Why Computers Only Have Two Fingers

painting

Since ancient times, humans have sought to experience the world around them and preserve the knowledge they discovered. Carving hunting scenes on cave walls or recording words on papyrus to pass on wisdom were all part of that effort. This is one of the most fundamental aspects of being human: understanding the world and communicating with others.

LP

In particular, there have been longstanding attempts to capture continuously changing natural phenomena like sound and light as they are. For example, a vinyl record etches a singer’s voice or the subtle vibrations of an instrument into the continuous grooves on its surface. Methods that represent real-world information while preserving its continuous nature are called analog.

Yet the computer, a cornerstone of modern civilization, took an entirely different path for handling information. It chose the digital approach: the idea of representing real-world information using only a few clearly distinguishable values.

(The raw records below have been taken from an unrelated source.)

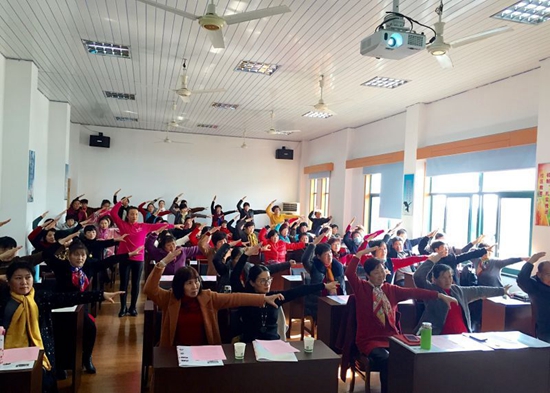 為貫徹社區(qū)教育“為民、惠民、利民、樂民”的根本宗旨,實現(xiàn)縣市級社區(qū)學院與鄉(xiāng)鎮(zhèn)級社區(qū)教育中心教育資源的融通共享,并進一步提升社區(qū)教育的服務功能,豐富全市各鄉(xiāng)鎮(zhèn)社區(qū)居民的業(yè)余文體生活,余姚市社區(qū)學院在2016年成功舉辦第一次送經(jīng)絡健身操下鄉(xiāng)系列活動。今年10月至12月期間繼續(xù)開展了2017送經(jīng)絡健身操下鄉(xiāng)公益講座系列活動。此次送教的經(jīng)絡健身操包括:經(jīng)絡手指操、經(jīng)絡拍手操和疏經(jīng)活絡操。由于動作簡單、易學,而健身效果又十分顯著,一經(jīng)推出就收到了15個鄉(xiāng)鎮(zhèn)成校的自主報名,培訓人數(shù)進一步突破去年,創(chuàng)下694人的新高。培訓的學員極為廣泛,涵蓋了鄉(xiāng)村留守老人、社區(qū)和村落的文體愛好者、村干部、退休教師等對養(yǎng)生、健身有需要的人群,年齡跨度從26歲到85歲。學員們普遍對這種送到“家門口”的培訓反響良好。在講師團老師生動詳細的教學ppt演示及手把手現(xiàn)場教學的引領(lǐng)下,教學現(xiàn)場氣氛愉快而活躍。培訓結(jié)束后,老師們還為各個鄉(xiāng)鎮(zhèn)的學員們創(chuàng)建了微信群,并把一些教學課件與跳操的教學視頻發(fā)到群上與學員們共享,以便進一步鞏固教學效果,方便老師與學員及學員與學員間的交流學習,從而讓今年送教的這套經(jīng)絡健身操更快、更好地向鄉(xiāng)鎮(zhèn)一級的不同年齡層次的群眾推廣。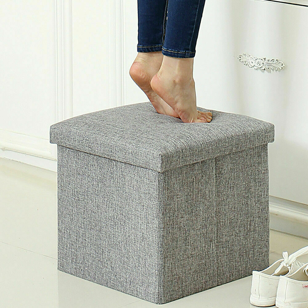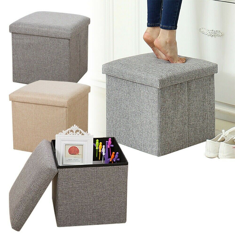 Small Seat Storage Ottoman Folding Pouffee Foot Stool Cubed Toys Box For Bedroom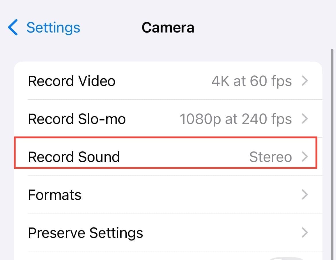 Step 3. Under the Camera settings, select the option labeled "Record Sound".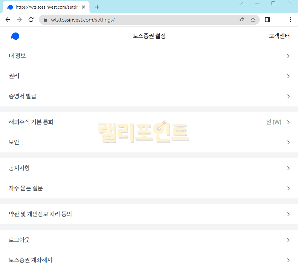 환경 설정- 내정보, 권리, 증명서 발급, 해외주식 기본 통화 설정, 보안, 공지사항, 자주 묻는 질문, 로그아웃, 계좌해지 등의 기능을 이용할 수 있습니다.

How can such simplicity capture the analog real world? Why did computers adopt this approach? Let’s see how just two digits, 0 and 1, can represent sound, text, images, and everything we can imagine.

Computers That Slice the World

Digital is a method of dividing the world’s information into small pieces and expressing each one as a simple number. Each of these pieces becomes the most basic unit of information a computer can understand.

Take photographs as an example. When we shoot with a film camera, light records the image on the film surface as a continuous variation of tone and brightness. This is fully analog information.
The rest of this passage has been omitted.